Since it seems we have entered the world of the soon-to-be car-buyers, Steve and I spent Saturday morning checking out what's been happening in the minivan market since we were last there. The Honda Odyssey is looking like a top choice, so we went to that dealership first to see if we could arrange a test drive. And I came to a screeching halt (I think the screeching was in my head and did not come out of my mouth, but I can't be sure) when I saw the 5-foot high cardboard cut-out of... I'm not sure what, actually. It might have been the zombie, or the superhero, or the cute monster. But the kicker was the caption: "To Each Their Own." While I appreciate the sentiment (I think it describes the individualizability of the Honda Civic), the grammar is an utter offense against nature. I am not the first blogger to note this (well, of course. I'm seldom the first blogger to do anything): here's one take, and here's another.
As I explained to the nice lady who came up to see if we were being helped, "each" is a singular pronoun and "their" is a plural. It should be "to each his own" or "to each her own" depending on the gender of the individual portrayed.
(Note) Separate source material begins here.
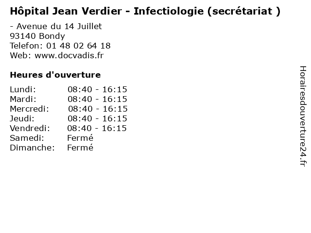 Termes de recherche pour Hôpital Jean Verdier - Infectiologie (secrétariat ):jean, hopital, santé, verdier, secretariat, docteur, consultation, infectiologie |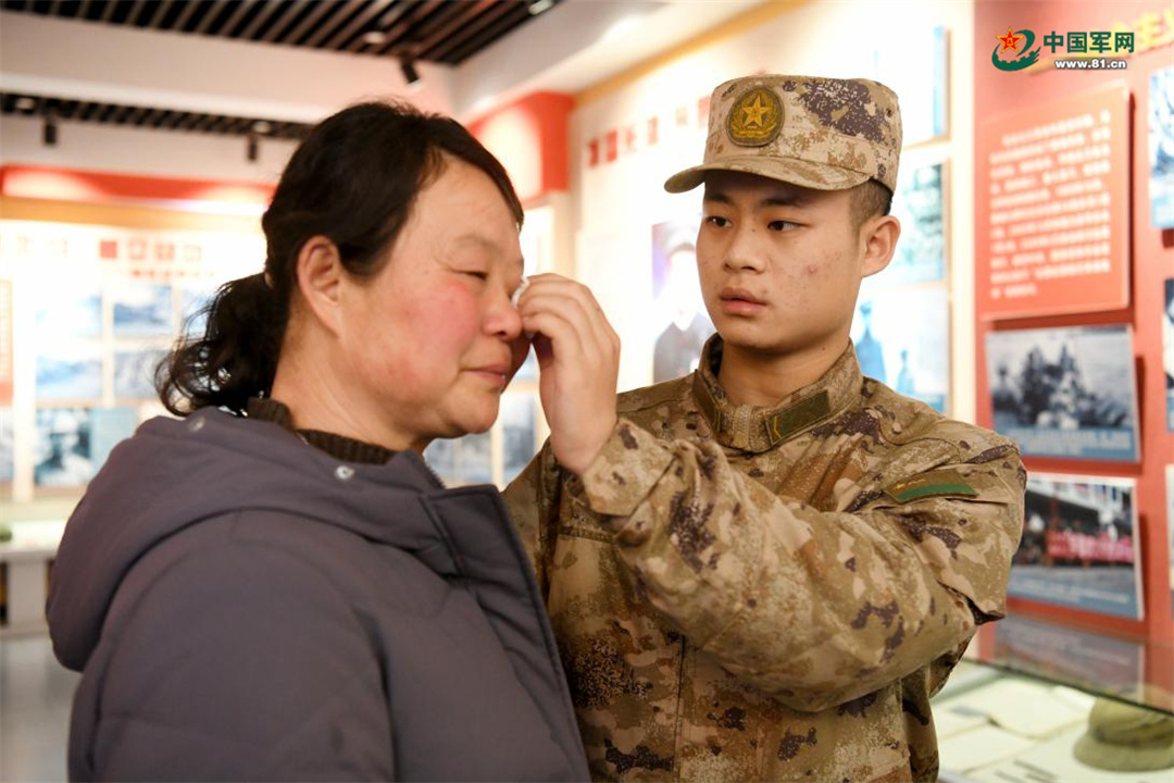 指导员王玉恒为二老讲述连史,动情之处,肖妈妈流下了感动的泪水。季鹏 摄

In the case of the zombie, maybe "to each its own." "To each his or her own" would be unacceptable because of cheesy political correctness and wordiness, but at least it wouldn't have set my teeth on edge. Or how about the elegant Latin solution: "cuique suum." Two words instead of four, and all three genders are represented.
So after I did my bit to attempt to slow down the decline and fall of civilization, we test drove the Odyssey. It's a nice car. We'll probably get one. But they may have to physically restrain me from defacing the cardboard ads in the showroom while we sign the papers.